Pilot Production and Validation

A two-week pilot tested three substrates—matte-coated FSC paper, a wash-off paper for glass lines, and a clear PP film for shower products. Adhesion, cure, and scanner performance were validated at line speed. Operators set a color baseline using a 7-color test chart and locked target tolerances to ΔE 2–3. FPY tracking began on day one with daily standups reviewing defects by type: registration, cure haze, and code legibility. Here’s where it gets interesting: line-side scanners cleared 98–99% of QR/DataMatrix codes on the first pass at 12–18 cm distance, which was better than expected in humid zones.

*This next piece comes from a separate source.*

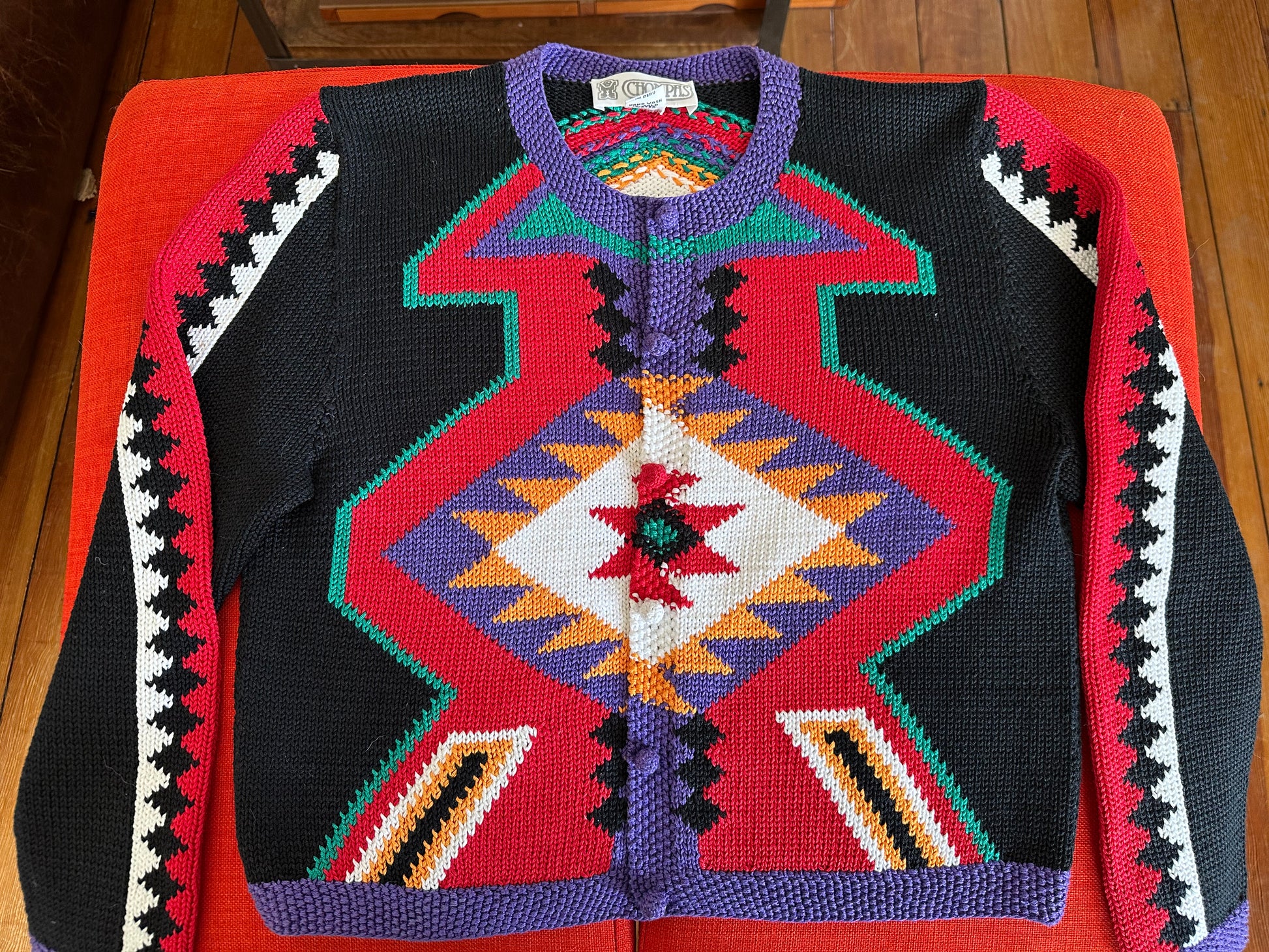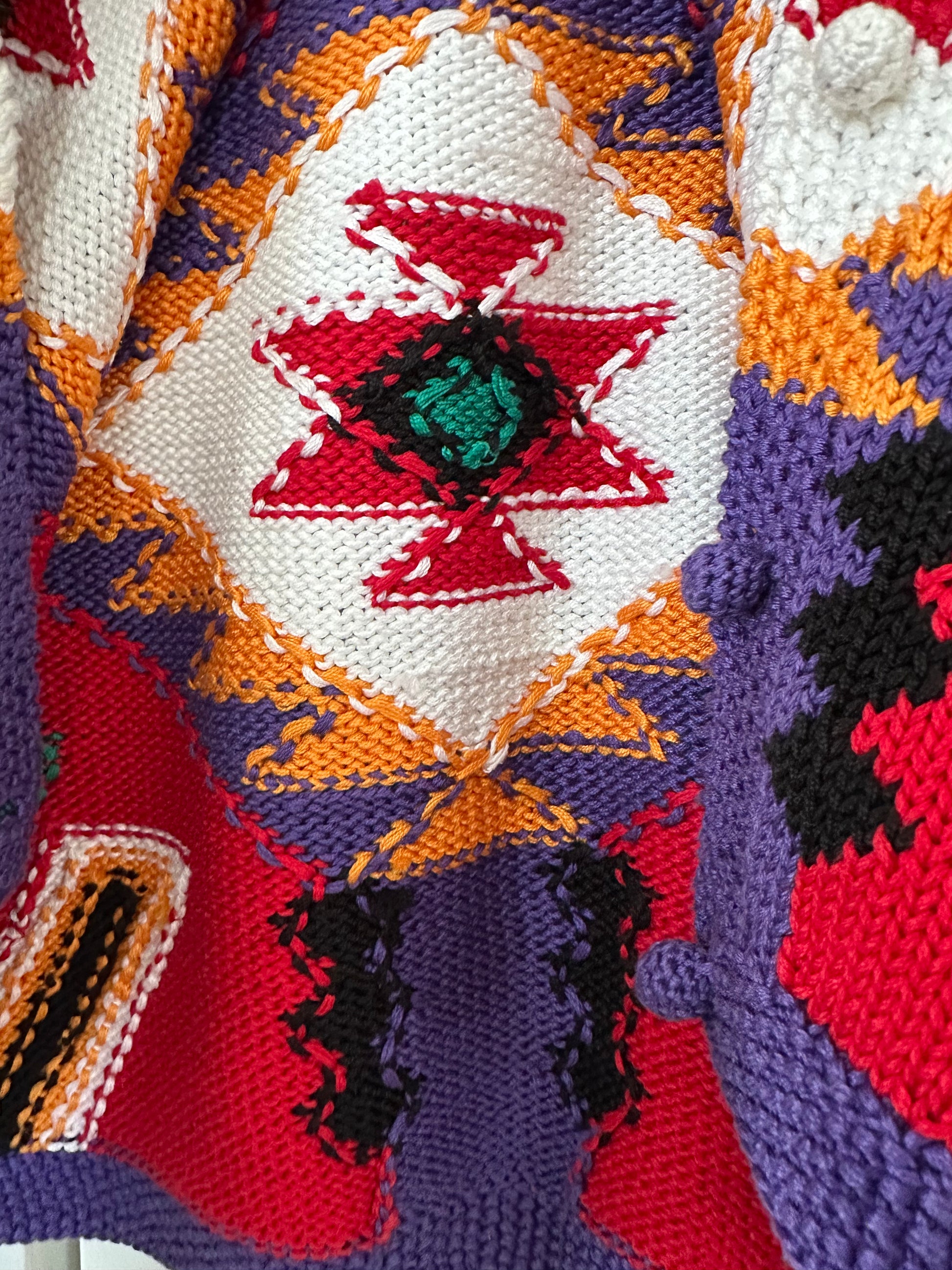 I can't say enough about how gorgeous this sweater is. Chompas is both the style, originating from Peru, as well as the maker (see photo of label). It is made in a beautifully soft cotton knit, with an impeccably worked patter in black, red, yellow, purple, green, and white. It is labeled size S but measures 36" across the waist (armpit to armit) so would probably fit a medium. It is a cropped cardigan cut with buttons covered in matching knit.
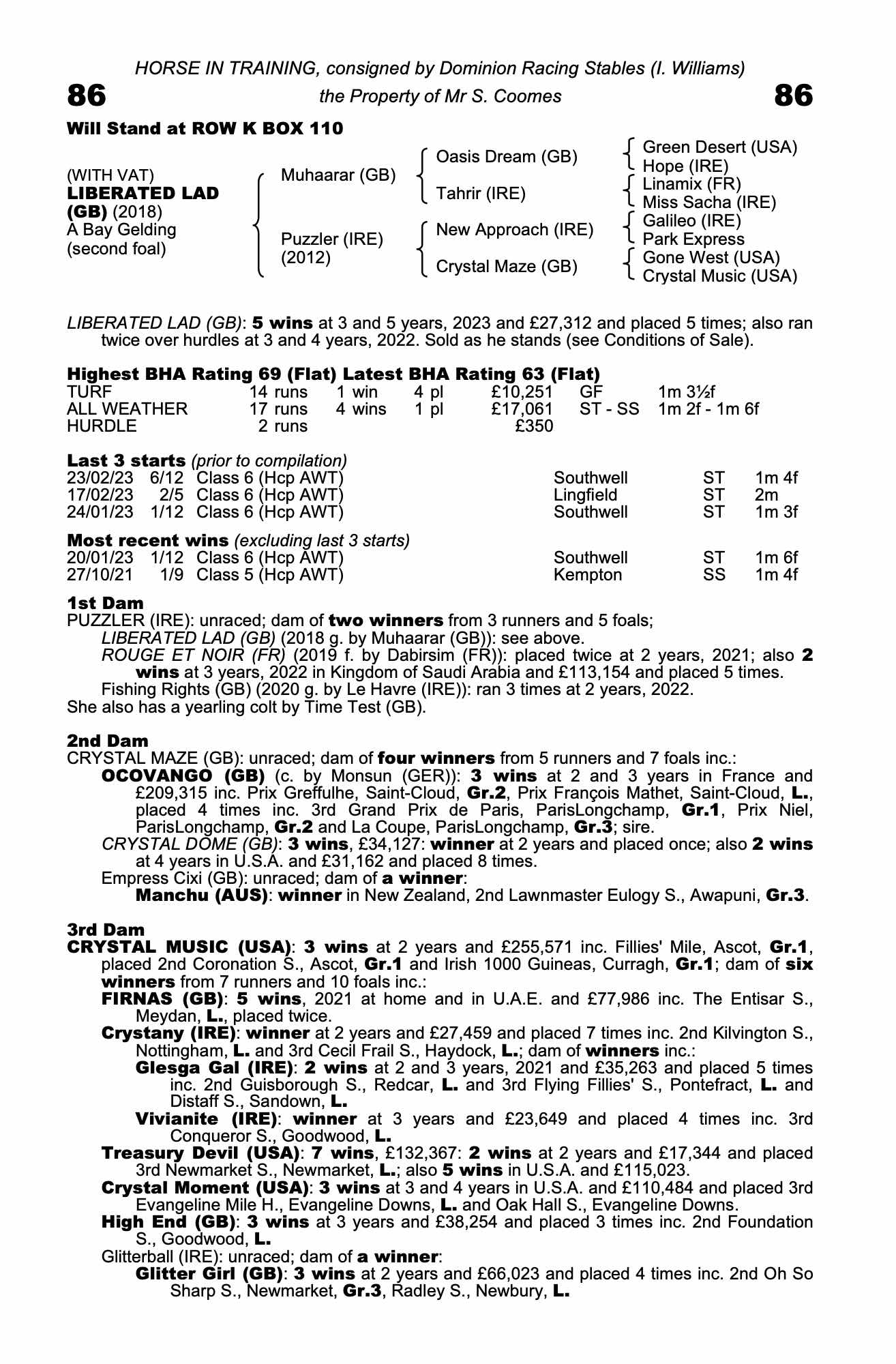 Consignor: Dominion Racing Stables (I. Williams)

Teams often ask how to print custom stickers that pass compliance and still look good. The pilot boiled it down to a simple checklist:

  • Design with recycling in mind: paper where possible, avoid laminates; use a matte varnish for scuff resistance.
  • Pick your PrintTech for the job: Digital Printing for variable data and short runs; consider Flexographic Printing only for stable, long-run SKUs.
  • Lock color standards early (Fogra PSD) and keep ΔE targets realistic (2–3) across substrates.
  • Provision variable data fields in the artwork and ERP; test GS1 specs and scanning angles at the real line speed.

Quantitative Results and Metrics

After full rollout, baseline reject rates moved from 8–10% to 4–6% across three lines. First Pass Yield rose from 85–88% to 93–95% as color and registration stabilized. Average changeover time landed at 25–30 minutes for a new SKU when artwork revisions were minor. Code performance held steady: 99%+ scan rates in receiving, while warehouse teams reported per-parcel scanning time of 4–6 seconds versus 9–12 seconds before. Weekly scrap fell by roughly 35–45 kg on the busiest line.

Sustainability metrics tracked alongside throughput. Curing energy on the main label line measured 0.015–0.017 kWh/pack with LED-UV, compared to 0.021–0.025 kWh/pack on the older setup. Estimated CO₂/pack for labeling moved down by around 12–18%, based on the plant’s grid mix and lower scrap. Payback modeling pointed to a 10–13 month window, assuming steady SKU count and seasonal peaks. The team still uses a short foil pass for rare editions, but the base workflow—variable digital labels with custom sequential number stickers—now underpins both traceability and recyclable design. For brands considering a similar move, the practical lessons here echo what teams at vista prints often see: set the recyclability rules up front, then let variable data and Digital Printing do the heavy lifting.